The greater grison is a slender animal with short legs, a long neck, and a short, bushy tail. It is similar in appearance to the closely related lesser grison, from which it can be most readily distinguished by its greater size, with a head-body length ranging from 45 to 60 cm. Adults weigh between 1.5 and 3.8 kg in the wild, but may become larger when reared in captivity.
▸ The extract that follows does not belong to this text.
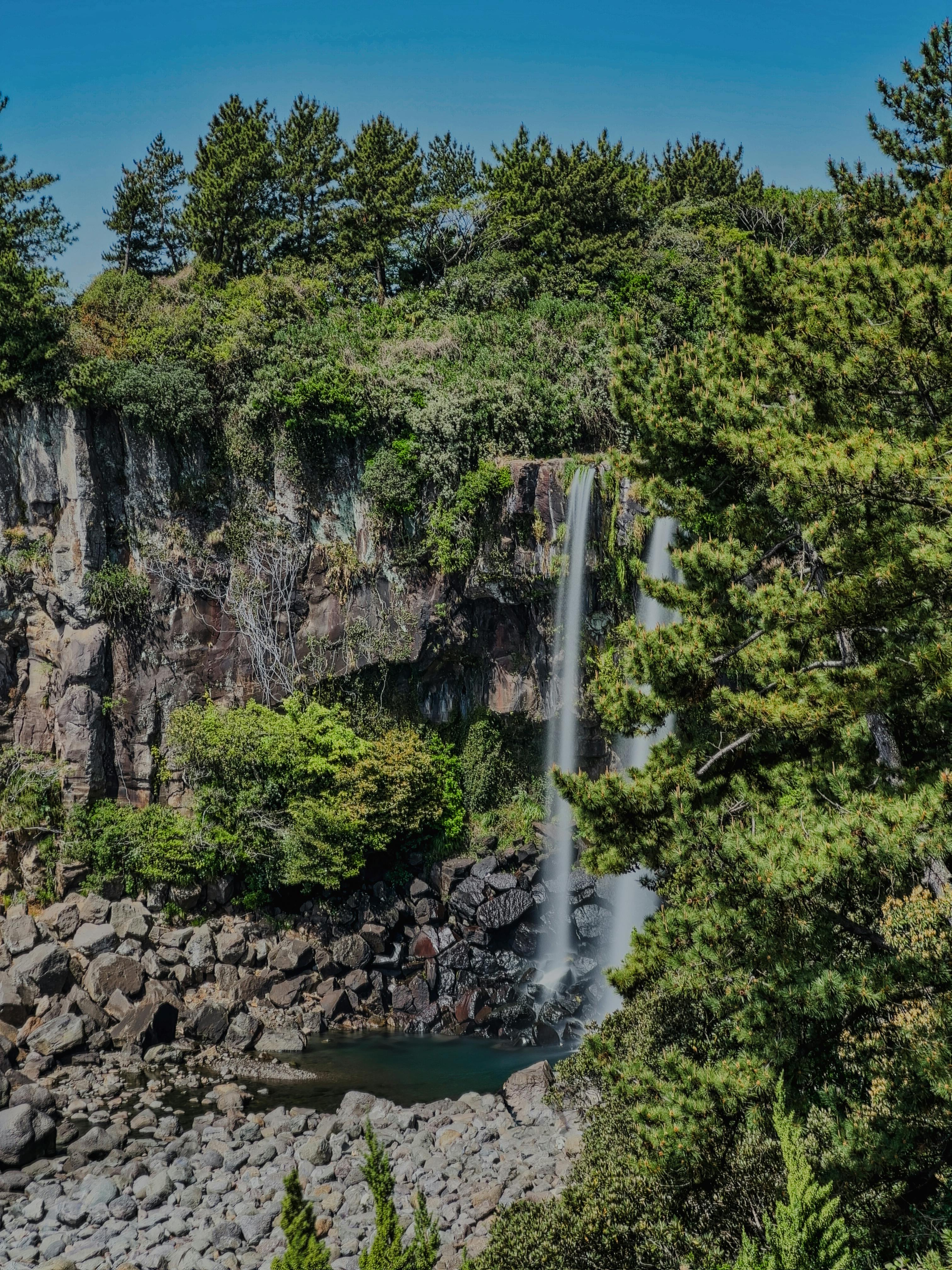 제주 3대 폭포 중 하나인 천지연 폭포는 자연 그대로의 신비로움을 간직한 명소입니다. 폭포 뒤로 무지개가 보이는 날도 있어 운이 좋다면 특별한 풍경을 감상할 수 있습니다.

The back, flanks, top of the head, and tail are grizzled grey in color, while the rest of the body is much darker, and usually solid black. A narrow, whitish stripe separates the darker and lighter fur on the head and shoulder, but not further back, where the two colors may, in some individuals, blur into one another. The tail is 14 to 20 cm long and covered with bushy hair similar in color to that on the animal's back. The head is flattened and broad, with short, rounded ears, and dark brown to black eyes. The legs are muscular, with five webbed toes, each ending in a sharp, curved claw.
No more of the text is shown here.